Werkzeug doesn't auto-reload route files

The dev server (flask run) doesn't watch application/api/events/routes.py for changes by default. After editing the route, restart Flask manually — --reload isn't on. (Production gunicorn reloads via deploy.)

MCP OAuth completion can fall outside the user stream's MAXLEN window

get_oauth_status scans up to EVENTS_STREAM_MAXLEN (~1000) entries via XREVRANGE. If the user has a high-rate ingest running concurrent with the OAuth handshake, the mcp.oauth.completed envelope can be trimmed off the back before they click Save. Symptom: backend returns "OAuth failed or not completed" even though the popup completed successfully.

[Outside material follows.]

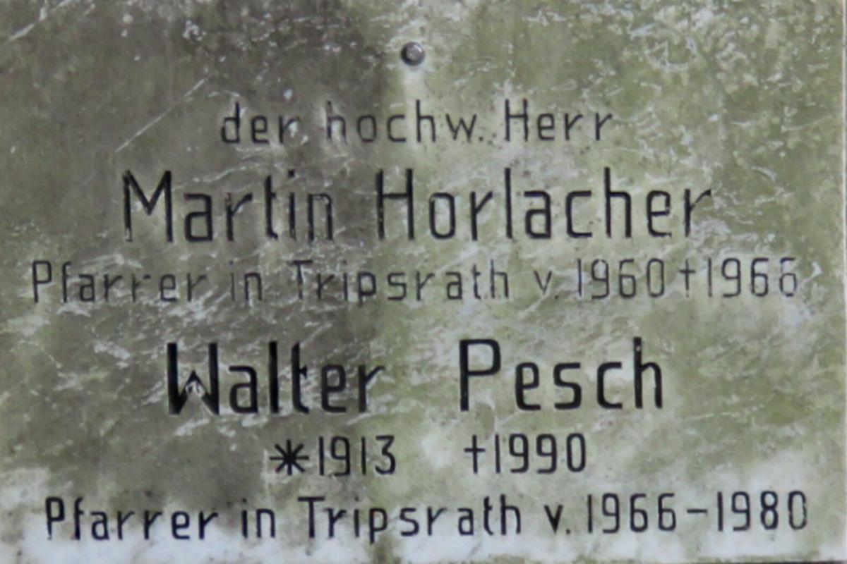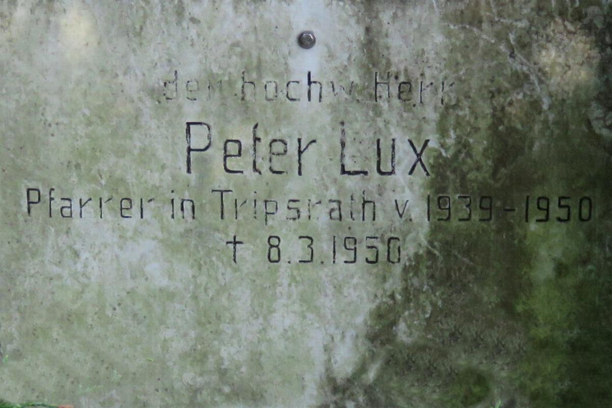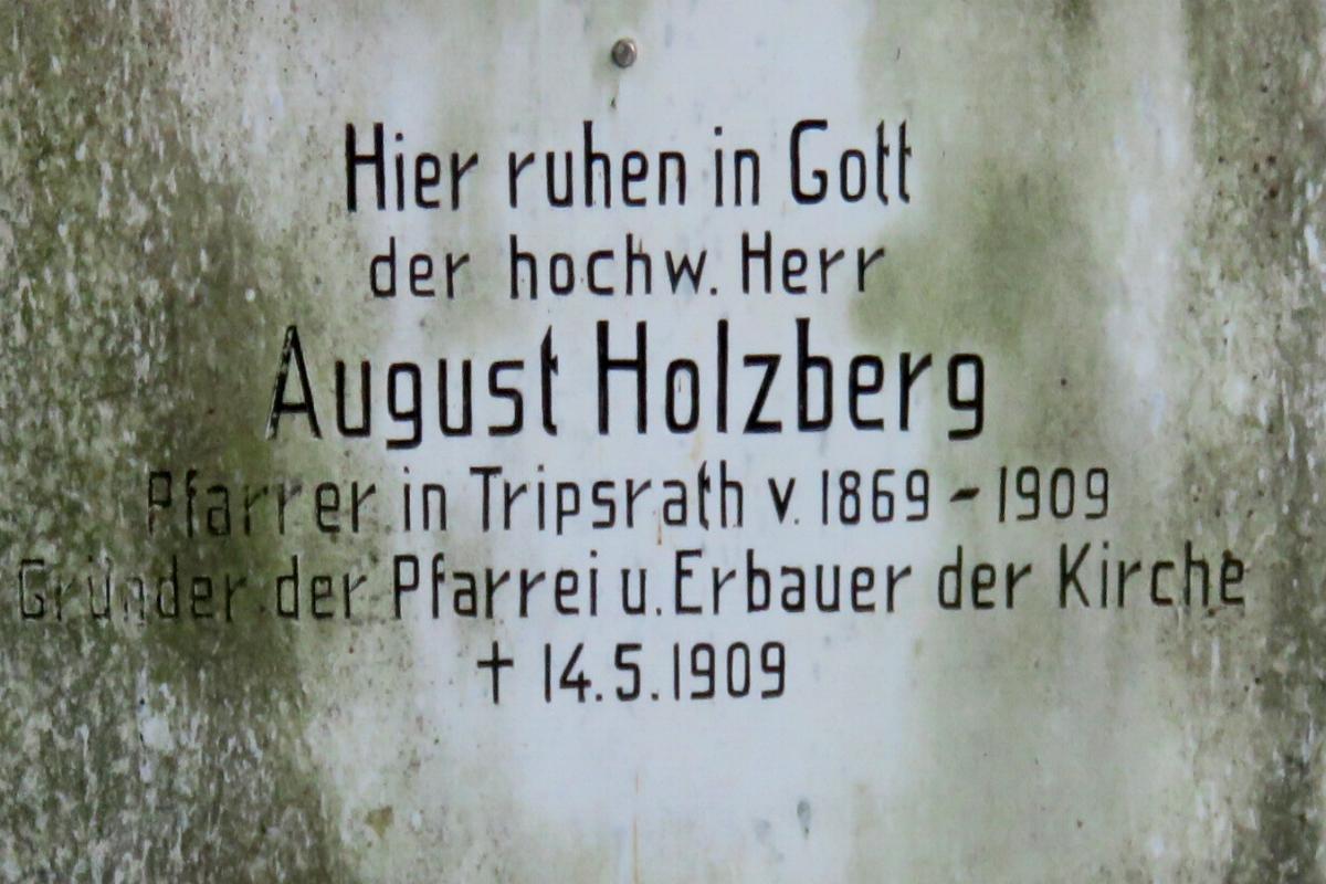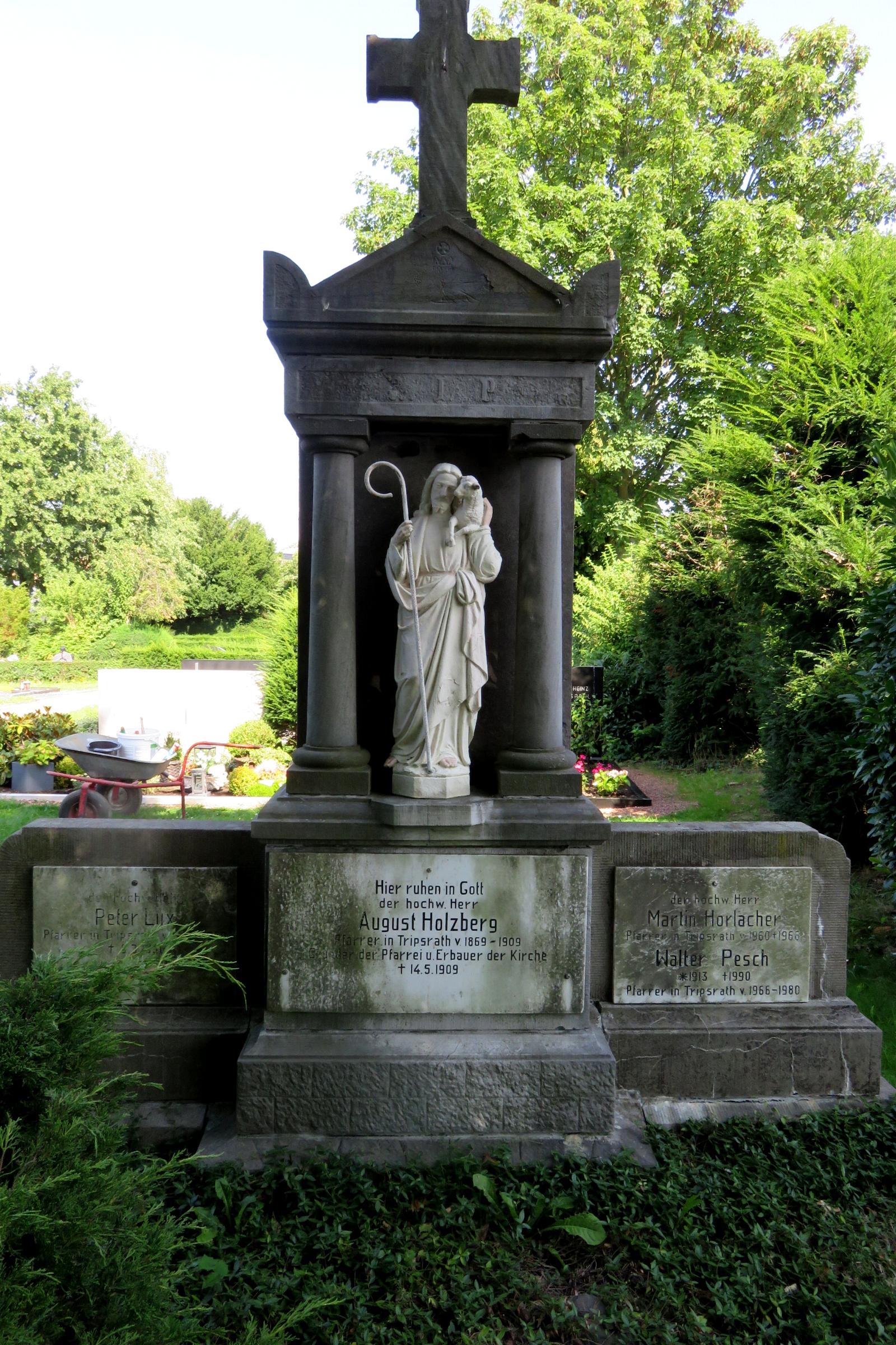 Standort: Die Priestergrabstätte befindet sich in der Nähe des Friedhofskreuzes auf dem Friedhof an der Pfarrer Holzberg Straße 12, im Stadtteil Tripsrath, in der Stadt Geilenkirchen. Beschreibung: Bei der Priestergrabstätte handelt es sich um ein ca. 3,00 m hohes Steinkreuz mit der Figur des Guten Hirten und drei Namenstafeln im Sockelbereich. Die Grabstätten sind Bestandteil der Friedhofanlage. Die hier beerdigten Pfarrer von Tripsrath Pfarrer August Holzberg 1869 - 1909 (Totenzettel) (Westdeutsche Gesellschaft) (Gründer der Pfarrei und Erbauer der Kirche) Pfarrer Peter Lux 1939 - 1950 (Totenzettel) (Westdeutsche Gesellschaft) Pfarrer Martin Horlacher 1960 - 1966 (Totenzettel) (Westdeutsche Gesellschaft) Pfarrer Walter Pesch 1966 - 1980

Mitigation today: bump EVENTS_STREAM_MAXLEN per-deployment if your users routinely flood the channel during OAuth flows. A dedicated short-TTL Redis key for OAuth task results is tracked as a follow-up.

React StrictMode double-mounts SSE

In dev, React 18 StrictMode mounts → unmounts → remounts every component, briefly opening two SSE connections per tab before the first is aborted. With SSE_MAX_CONCURRENT_PER_USER=8 and 4–5 tabs open concurrently you can transiently hit the cap and see HTTP 429 on cold-load. The first connection's counter increment fires before the AbortController-induced disconnect can decrement it. Production (single mount, no StrictMode) is unaffected; raise the cap in dev or accept transient 429s.